Maybe some credit cards and the branding on them were just never meant to be. That’s why we’re bringing you some of the most ridiculously-branded cards we’ve ever seen. If you’ve had one of these cards in your wallet at one time or another, that’s okay because no one needs to know. Unless you want them to.
How else can you show your sense of style and love of the color pink more than your own Baby Phat Rush Card? If you’re going to use a prepaid card, why not make sure that everyone knows what brand you like to rock. Plus, if you get one, you may even be able to win a lunch with Phatmaster hip hop mogul Russell Simmons. Imagine what you could rap about with him!
Congratulations! If you’re a holder of this card, everyone knows that you enjoy a premium beer. The king of beers, in fact. This is the barley pop that is associated with sports, gigantic horses and pretty much Americana in general. Just don’t get caught buying a case of imported beer with this card, that might seem a bit distasteful.
Hey, World of Warcraft may be a fun game to play, but it’s not going to help you find a significant other or win any popularity contests. At least not in the real world. Of course, if you’re more interested in the digital realm, you may want to get this card to buy the items you need made of real matter in order to live your life. Or not. It just depends on how bold you are. When it comes to picking out a credit card to slap down on the table that will impress a date or impress business people at a lunch – just consider the World of Warcraft Visa credit card the anti-Visa Black Card…
Did anyone know that Garfield was still popular enough to warrant his own credit card? There’s a bit of a surprise. It seems like the movies that have come out with a computer generated version of the cat weren’t very good, but this card represents the old timey cartoon version, which was entertaining. I would hope that at least Bill Murray has one of these cards.
Nothing says more about fifty years of futility (Detroit last won a title in 1957, first NFL team to lose every game in 2008) than your own Lions Visa card where you can gain points that you can then use to redeem on NFL gear.
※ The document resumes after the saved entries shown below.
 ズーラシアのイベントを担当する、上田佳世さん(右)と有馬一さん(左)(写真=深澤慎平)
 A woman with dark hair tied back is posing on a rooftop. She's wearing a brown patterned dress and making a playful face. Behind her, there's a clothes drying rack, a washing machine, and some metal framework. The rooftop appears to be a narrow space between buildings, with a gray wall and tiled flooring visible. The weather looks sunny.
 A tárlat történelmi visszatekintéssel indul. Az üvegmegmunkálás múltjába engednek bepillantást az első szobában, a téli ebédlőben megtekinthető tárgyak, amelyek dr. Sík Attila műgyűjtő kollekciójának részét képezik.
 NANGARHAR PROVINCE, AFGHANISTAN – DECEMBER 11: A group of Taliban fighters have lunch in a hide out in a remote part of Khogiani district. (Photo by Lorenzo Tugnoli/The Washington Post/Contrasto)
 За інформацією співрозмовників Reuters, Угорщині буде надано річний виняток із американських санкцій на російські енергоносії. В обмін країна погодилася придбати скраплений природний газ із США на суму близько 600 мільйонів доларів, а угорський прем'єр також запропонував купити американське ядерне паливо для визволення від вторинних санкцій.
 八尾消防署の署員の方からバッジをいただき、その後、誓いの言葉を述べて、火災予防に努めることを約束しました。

This is probably the worst branded credit card in professional sports simply because the NBA’s Los Angeles Clippers are too cheap to offer a card of their own.
If you love the culinary delicacies and high-class ambiance of a Hooters restaurant, you’re going to love the Hooters MasterCard. You can earn 5 points for every dollar you spend on Hooters-related purchases, which may or may not mean that you will be consuming more of those delicious wings that they have. Plus, you don’t need to have perfect credit to get one!
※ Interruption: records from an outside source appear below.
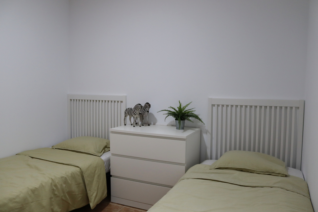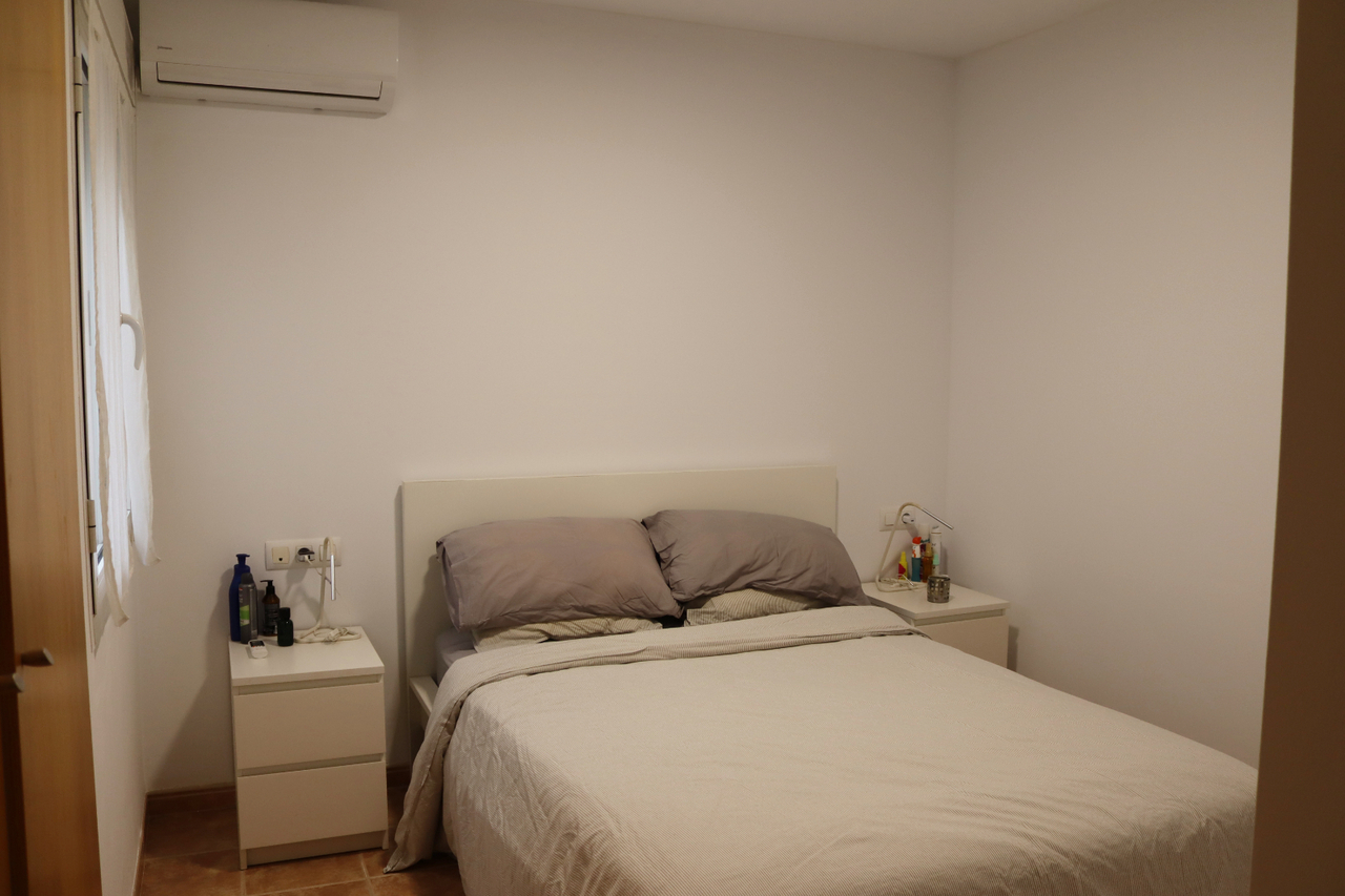 Long term or Seasonal rentalBenigembla - 2 Bedroom, 1 Bathroom Ground Floor Apartment with communal pool and private parking. The accommodation comprises:Open lounge with American style kitchen with H/C A/C Double bedroom 1 with built in wardrobes and sliding french doors opening to an inner private patio Double bedroom 2 with built in wardrobes and H/C A/C Family bathroom with bath with shower over, basin and WCThe property benefits from being on the ground floor with private parking space and small covered terrace to the front of the property with communal pool and mountain views from the terrace. The property is just a few minutes walk into the village with 3 bars with restaurants, bakery, pharmacy, medical surgery and village school. The larger towns of both Jalon and Orba are just a 10 minute drive away with a wider choice of bars and restaurants as well as larger supermarkets, independent local shops and bodegas and other services including builders merchants, banks etc.This property is available for long term rental or seasonal rental - 750€ pcm plus bills. Please contact us for further information.Please contact us for available datesPlease note this is a non smoking property and pets are not allowed.
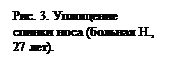 Особенности формы носа относятся к наиболее часто встречающимся при этом заболевании аномалиям: нос короткий, с плоской переносицей и расширенным основанием, что связано с недоразвитием костей носа (рис.№3); ноздри широкие, открыты в вертикальной плоскости; нередко наблюдается асимметричное расположение носовой перегородки носовых раковин; слизистая носа атрофична и часто подвергается катаральным воспалениям.
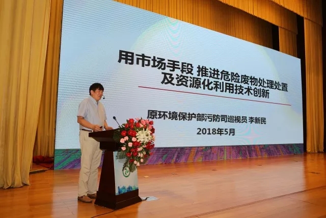 原國家環(huán)境保護部巡視員李新民以“用市場手段推進危廢綜合利用及資源化創(chuàng)新”為主題,從全國生態(tài)環(huán)境保護大會、固體(危險)廢物環(huán)境管理基本情況以及《環(huán)境保護稅法》三個方面進行詳細(xì)介紹。李司長指出“5.19全國生態(tài)環(huán)境保護大會”確定了我國全面建設(shè)小康社會的時間表和路線圖,環(huán)境治理和環(huán)境發(fā)展成為關(guān)系民生的重大社會問題。目前,固體(危險)廢物利用處置行業(yè)在無害化處置、資源化利用、新技術(shù)新裝備三方面快速發(fā)展。李司長從基本信息、發(fā)展階段、藍(lán)海市場三個方面詳細(xì)分析了行業(yè)管理基本情況,并從合規(guī)及監(jiān)管兩方面提出了行業(yè)展望。

Because there’s no card that better shows fiscal responsibility and innovative foresight, there are definitely many great reasons to get a Government Motors credit card. Heck, if you’re unable to pay off a big old balance on this card at some point, you might as well ask for a bailout to save your financial future. Oh, and you can earn points on cash back for a new car purchase!
Are you a member of the Defenders of Wildlife group? If so you can get a great card that offers you points through the Bank of America WorldPoints rewards program. For every new card that is opened, $50 is donated to the group, as well as two cents for every $10 spent on the card. Plus, you can get a picture of a wild animal on the card that you want to defend like an elephant, wolf or tiger that would probably try to EAT YOU if they actually saw you in real life.
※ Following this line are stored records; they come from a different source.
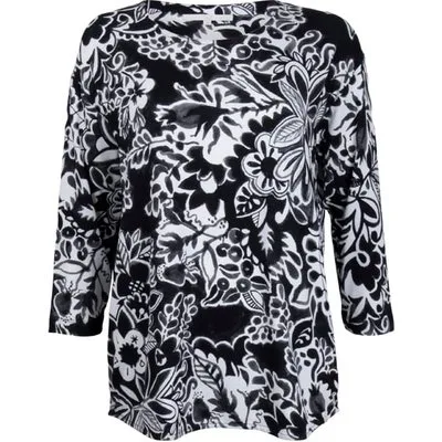DIDI Loose Tee Crew 3/4 Sleeves, Print Black With Offwhite...
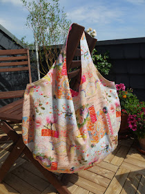 Ich habe diese Tasche schon einmal genäht. Sie hat mir gute Dienste geleistet und zwar nicht nur am Strand, denn sie eignet sich genauso für Einkäufe oder Sportsachen. Ein echtes Allroundgenie. Den Stoff habe ich auf dem Stoffmarkt entdeckt und wusste genau, dass daraus meine neue Strandbegleitung wird. Das Wetter spielt ja auch mit ....
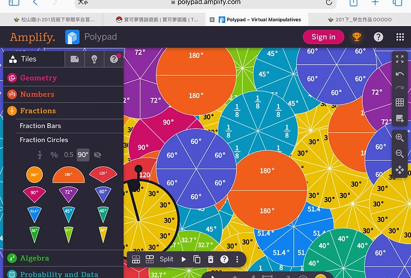 最近數學課正好上到「等分」與「分數」的單元,課本常以「披薩」作為教學例子,我也在思索如何將數學與早餐主題結合。我讓學生使用國外互動網站 Polypad.Amplify 練習畫圓餅圖,從二分之一到十二分之一應有盡有,還觀賞了國外老師將分數與音樂節拍結合的影片。這些活動不只增加孩子對分數的理解,更讓他們驚呼:「數學也可以這麼好玩!」
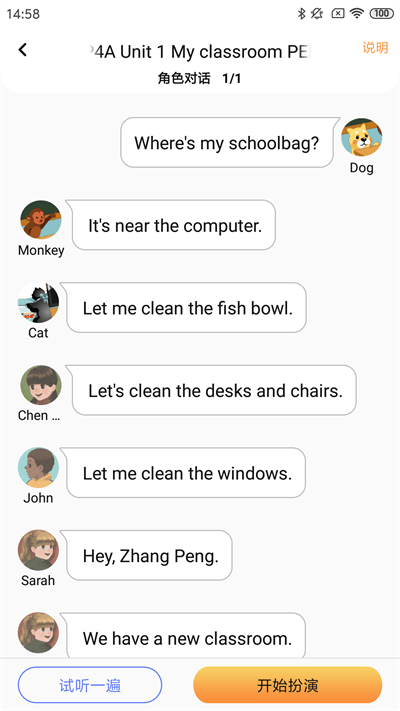 通过课文朗读、角色朗读、记忆活动、课文背诵、情景套用模块,落实课标的标准和要求。
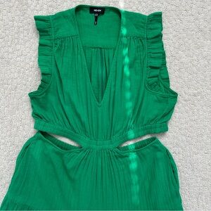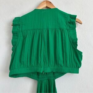 Me + Em Dress 12 Maxi Cheesecloth Cut Out Pockets Tiered Sleeveless Ruffle Green

If you’re REALLY on a budget, you can get a Walmart credit card and put all of your shopping purchases on this card, which offers a hefty 22.90% annual percentage rate. There’s no annual fee for this card, but you’ll get no rewards points and that APR rate quoted above is variable. That means you really don’t know what to expect with this card, much like the quality of most Walmart products.
Still available: a card from probably the most unpopular company in the world right now. Word on the street is that a “we totally screwed up the Gulf region” edition of this card should be on the market just before the start of the holiday season. Just kidding.